Il caso surreale di via Tagliazucchi dove il disegno di una ciclabile su strada ha ridotto oltremisura lo spazio alle macchine

MODENA. Non ci sta nemmeno una Smart, la city car più piccola in circolazione, larga 162 centimetri. Eppure a Modena c’è una strada, via Tagliazucchi, dove il Comune ha disegnato a terra una corsia, l’unica, riservata alle auto, larga 150 centimetri. Un metro e mezzo sì, tanto quanto il metro da sarta che abbiamo usato ieri mattina per andare a misurare l’ampiezza di questa tracciatura sull’asfalto che ha raggiunto i limiti del surreale.

La ciclabilità spinta, quella alla quale il Comune sta facendo riferimento in diverse zone della città, sta creando solamente disagi e disguidi: pensate solo a all’incrocio di via Emilia Ovest con largo Aldo Moro trasformato in una sorta di Piccadilly Circus o a strada Morane che è diventata una vera e propria giungla. Il risultato lo abbiamo raccontato per giorni nelle ultime settimane: traffico in più e sicurezza in meno. Passi, però, fino a quando si riserva alle auto una corsia che sia degna di tale nome, anche solo per dimensioni.
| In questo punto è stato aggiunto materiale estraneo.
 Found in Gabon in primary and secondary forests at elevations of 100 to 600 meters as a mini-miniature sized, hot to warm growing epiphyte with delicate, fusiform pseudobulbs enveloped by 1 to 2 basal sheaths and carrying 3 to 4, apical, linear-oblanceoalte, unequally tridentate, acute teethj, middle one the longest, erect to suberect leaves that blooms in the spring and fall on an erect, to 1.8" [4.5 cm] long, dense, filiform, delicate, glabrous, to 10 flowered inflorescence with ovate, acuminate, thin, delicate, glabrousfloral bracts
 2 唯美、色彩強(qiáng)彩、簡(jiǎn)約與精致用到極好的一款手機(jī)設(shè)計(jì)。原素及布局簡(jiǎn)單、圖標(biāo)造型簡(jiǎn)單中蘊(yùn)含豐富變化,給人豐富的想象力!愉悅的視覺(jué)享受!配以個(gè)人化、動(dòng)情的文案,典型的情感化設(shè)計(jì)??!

In via Tagliazucchi tutto questo non succede e la corsia non basta nemmeno per una bicicletta. Così succede che accanto alla preferenziale per gli autobus, a costo di farci stare tutto in una sorta di “sindrome da ciclabilite”, c’è una corsia dedicata alle auto e una dedicata alle biciclette della stessa grandezza e insufficiente per entrambe. Già, perchè non stiamo parlando di una strada privata, ma di una delle vie di accesso al centro - e anche alle scuole a ridosso del centro - più frequentate.
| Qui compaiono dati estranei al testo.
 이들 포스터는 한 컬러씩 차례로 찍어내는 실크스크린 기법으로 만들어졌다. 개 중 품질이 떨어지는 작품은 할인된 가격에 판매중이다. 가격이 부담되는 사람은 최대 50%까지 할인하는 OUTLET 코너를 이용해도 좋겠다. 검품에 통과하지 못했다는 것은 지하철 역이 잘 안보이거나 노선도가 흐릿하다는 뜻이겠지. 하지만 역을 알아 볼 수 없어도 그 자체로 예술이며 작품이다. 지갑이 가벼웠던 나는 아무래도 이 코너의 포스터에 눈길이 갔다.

Certamente si potrà dire che la tracciatura disegnata sull’asfalto è da interpretare, della serie quando non ci sono biciclette l’auto può invadere la corsia a due ruote. E ci mancherebbe...

Il problema arriva puntuale quando si incrociano un’auto e una bicicletta in quello spazio, e per non investire il ciclista l’automobilista deve immolarsi contro l’autobus. Perché poniamo il caso di un incidente, senza conseguenze, dove però autobus, auto e bici si toccano: di chi è la colpa? Decide il Comune?